1. Convenient form: Electrical energy is a very convenient form of energy. It can be easily converted into other forms of energy. For example, if we want to convert electrical energy into heat, the only thing to be done is to pass electrical current through a wire of high resistance e.g., a heater. Similarly, electrical energy can be converted into light (e.g. electric bulb), mechanical energy (e.g. electric motors) etc. 
2. Easy control: The electrically operated machines have simple and convenient starting, control and operation. For instance, an electric motor can be started or stopped by turning on or off a switch. Similarly, with simple arrangements, the speed of electric motors can be easily varied over the desired range.
3. Greater flexibility: One important reason for preferring electrical energy is the flexibility that it offers. It can be easily transported from one place to another with the help of conductors.
4. Cheapness: Electrical energy is much cheaper than other forms of energy. Thus it is overall economical to use this form of energy for domestic, commercial and industrial purposes.
5. Cleanliness: Electrical energy is not associated with smoke, fumes or poisonous gases. Therefore, its use ensures cleanliness and healthy conditions.
6. High transmission efficiency: The consumers of electrical energy are generally situated quite away from the centres of its production. The electrical energy can be transmitted conveniently and efficiently from the centres of generation to the consumers with the help of overhead conductors known as transmission lines.

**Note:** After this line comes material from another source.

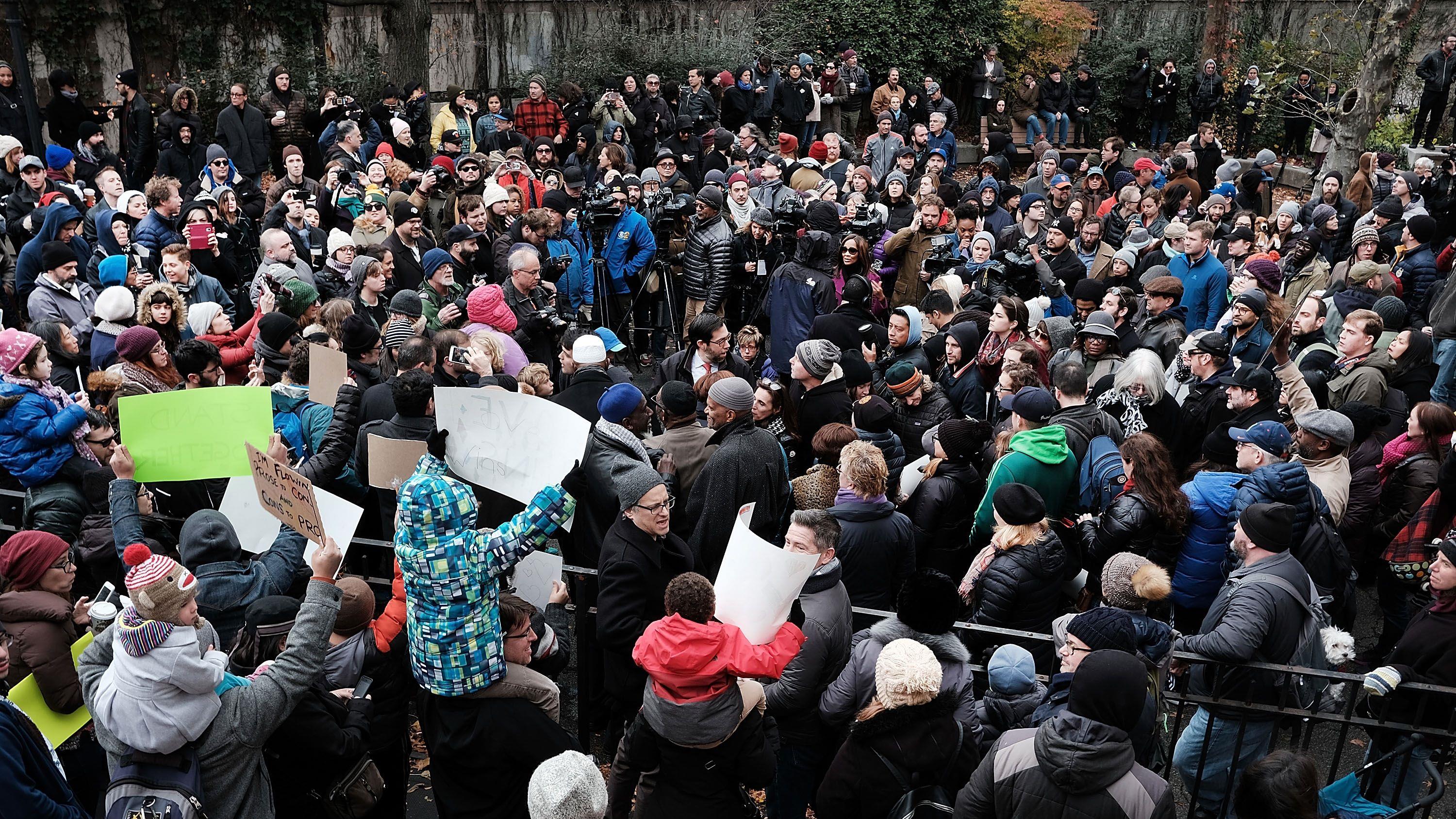 Cientos de personas, muchas con sus hijos, escucharon a líderes comunitarios y el miembro de Beastie Boys Adam Horovitz, que condenaron los crímenes de odio inspirados por la elección de Donald Trump.

Generation of Electrical Energy

Electrical Energy is generated by plants called generating stations. A generating station consists prime mover coupled with alternator for production of electricity. Prime mover(Turbine) converts energy from some other form into mechanical energy and alternator converts mechanical energy into electrical energy. They different forms of electric generating stations are

1. Hydro-Electric Generating Station.
2. Steam/Thermal Generating Station.
3. Nuclear Generating Station.
4. Diesel Generating Station.

Transmission of Electrical Energy

The Transmission of electrical energy involves network that transfers electric power from generating stations to the distribution substations. This network is called the transmission system.

The Electrical energy can be transmitted in AC or DC form. Traditionally, AC has been used for years now, but HVDC (High Voltage DC) is rapidly gaining popularity.

When it is generated at a power station, electrical energy will typically be anywhere between 11kV and 33kV. Before it is sent to distribution centres via transmission lines, it is stepped up using a transformer to a voltage level that can be anywhere between 100kV and 700kV or more, depending on the distance that it needs to be transmitted; the longer the distance, the higher the voltage level.

The reason electrical power is stepped up to these voltage levels is to make it more efficient by reducing the I²R losses that take place when power is transmitted. When voltage is stepped up, the current reduces relative to the voltage so that power remains constant, thus reducing these I²R losses.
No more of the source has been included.